Please output the section of the listing below that opens with the line containing "This listing is" and closes with the line containing "일단 올해 E3의 화두인", exactly and with nothing else.

ENTRIES PROVIDED:

----------------------------------------

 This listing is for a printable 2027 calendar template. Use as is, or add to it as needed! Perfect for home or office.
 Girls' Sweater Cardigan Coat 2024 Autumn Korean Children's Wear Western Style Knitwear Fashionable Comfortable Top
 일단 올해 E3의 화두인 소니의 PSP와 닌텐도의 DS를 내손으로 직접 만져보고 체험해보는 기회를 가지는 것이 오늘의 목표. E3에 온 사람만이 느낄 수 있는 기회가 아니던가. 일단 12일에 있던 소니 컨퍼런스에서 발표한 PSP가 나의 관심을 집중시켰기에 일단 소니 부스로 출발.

----------------------------------------

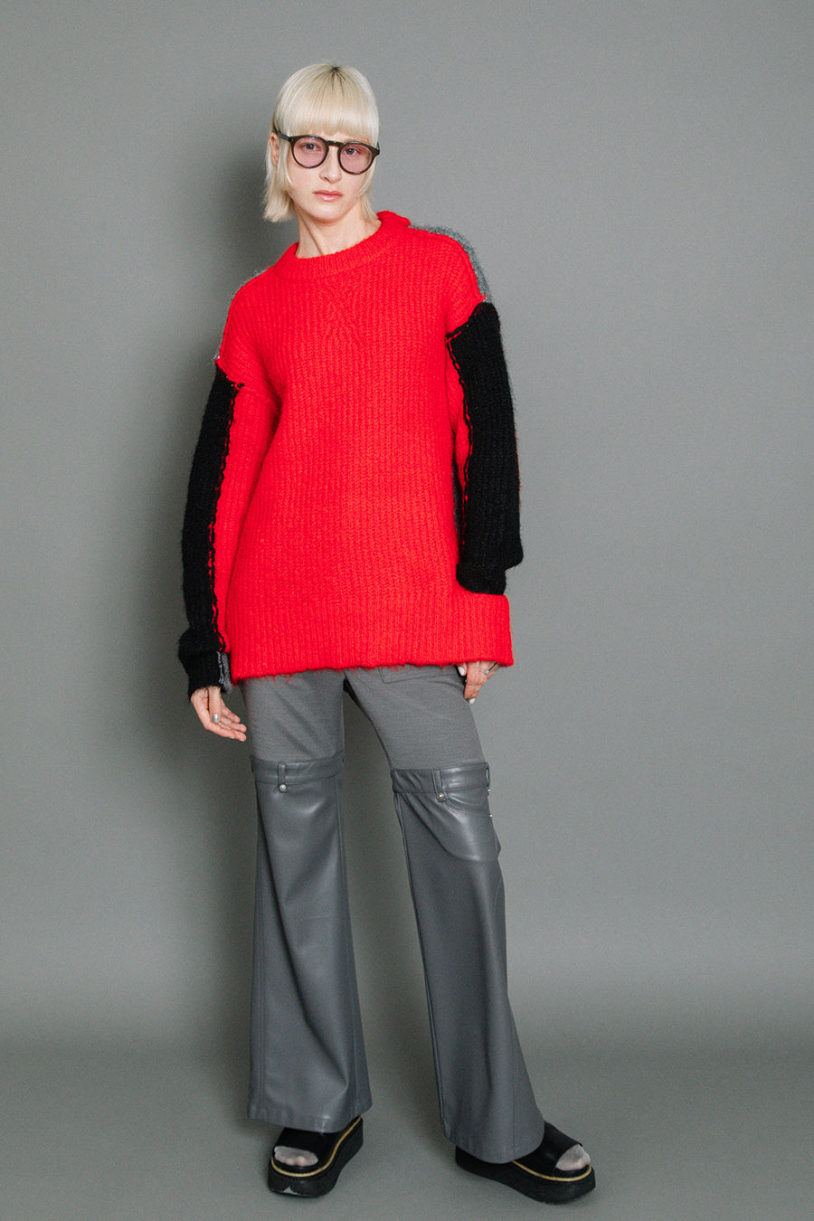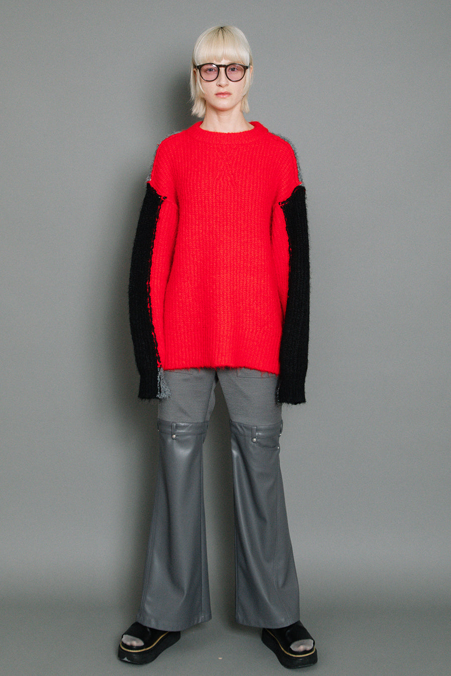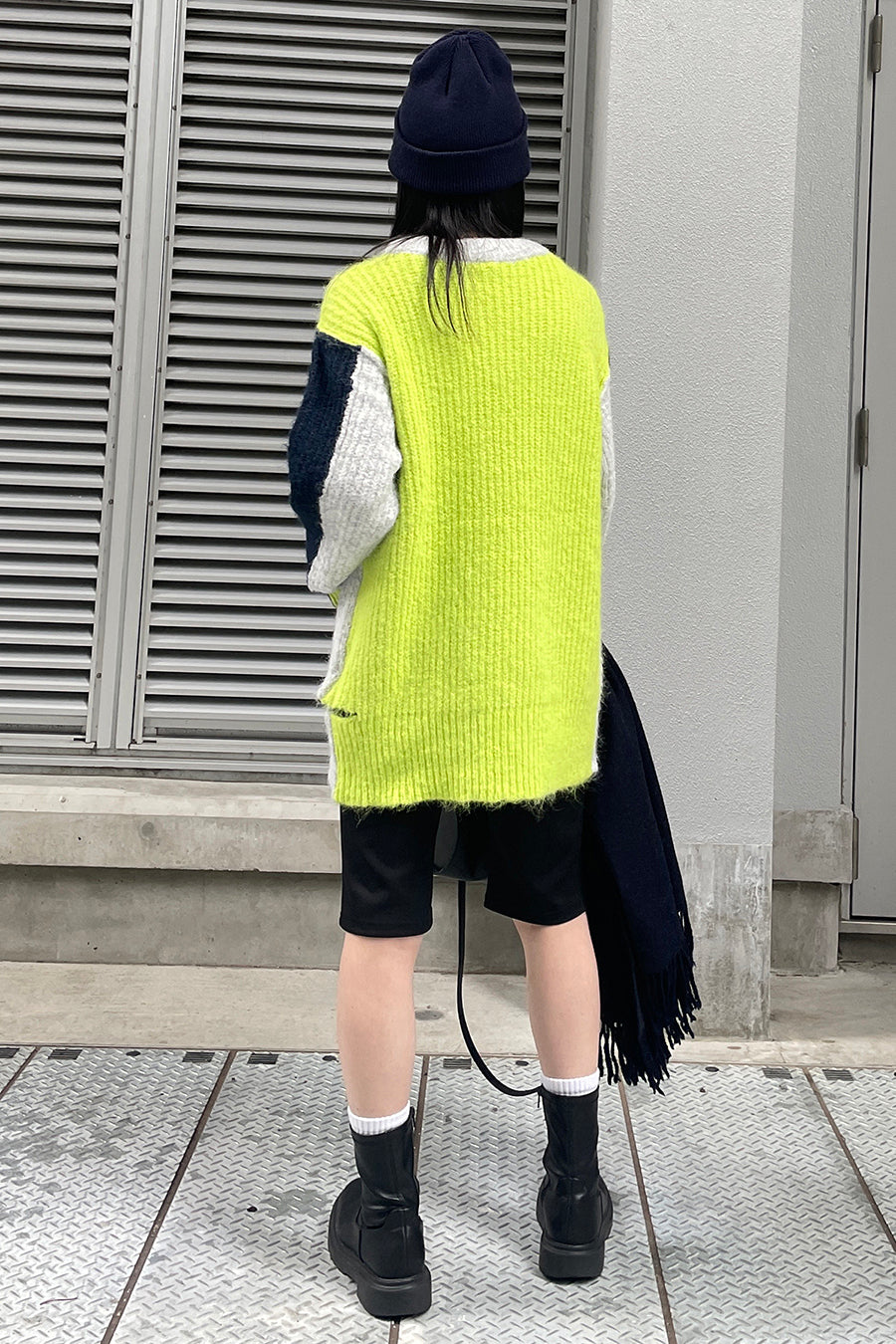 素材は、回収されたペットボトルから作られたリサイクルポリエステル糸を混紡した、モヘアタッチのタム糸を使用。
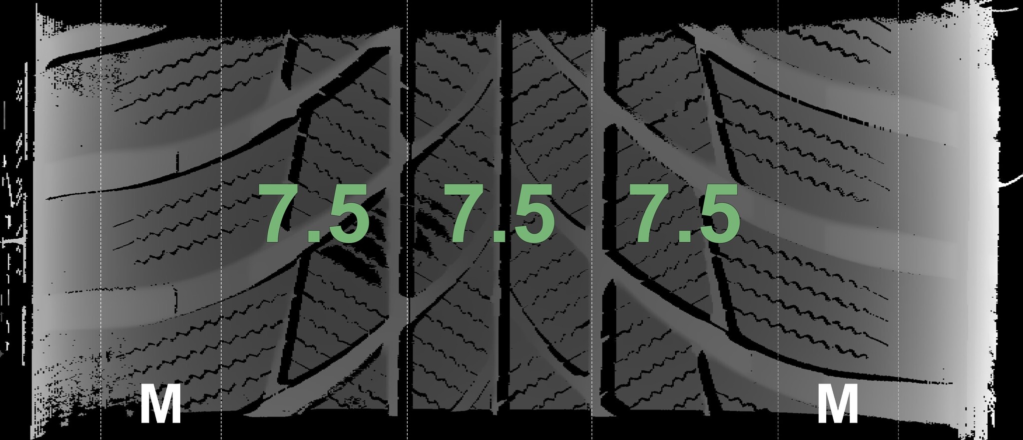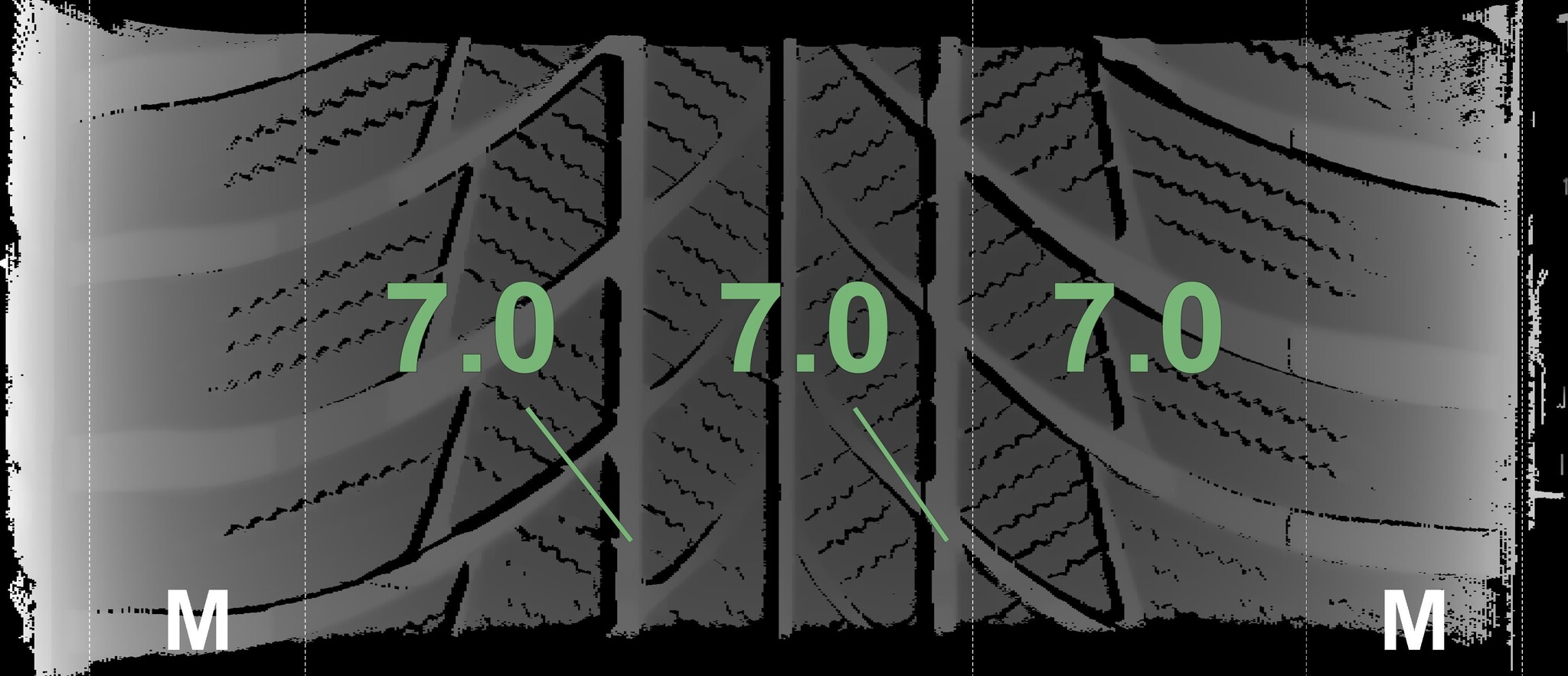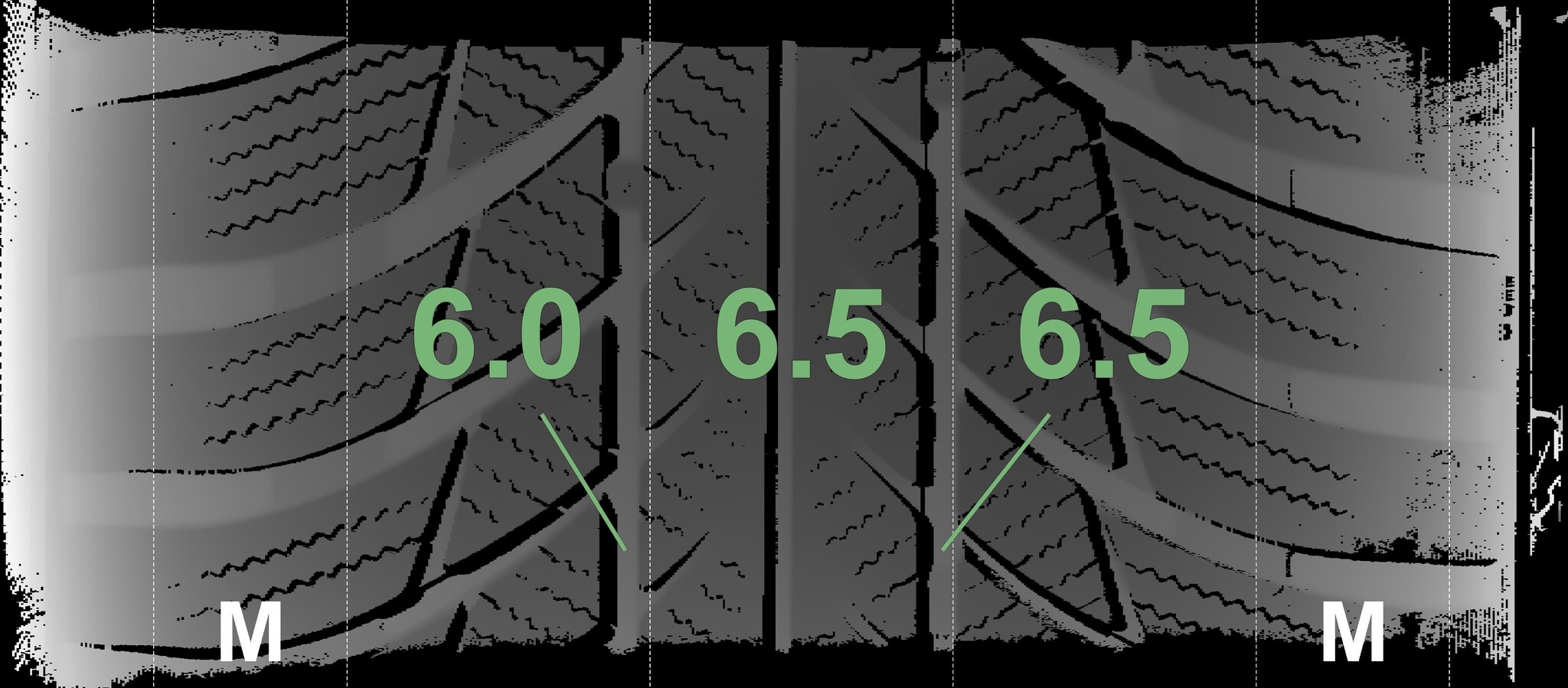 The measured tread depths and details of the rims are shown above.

----------------------------------------

RESPONSE BOX:
 This listing is for a printable 2027 calendar template. Use as is, or add to it as needed! Perfect for home or office.
 Girls' Sweater Cardigan Coat 2024 Autumn Korean Children's Wear Western Style Knitwear Fashionable Comfortable Top
 일단 올해 E3의 화두인 소니의 PSP와 닌텐도의 DS를 내손으로 직접 만져보고 체험해보는 기회를 가지는 것이 오늘의 목표. E3에 온 사람만이 느낄 수 있는 기회가 아니던가. 일단 12일에 있던 소니 컨퍼런스에서 발표한 PSP가 나의 관심을 집중시켰기에 일단 소니 부스로 출발.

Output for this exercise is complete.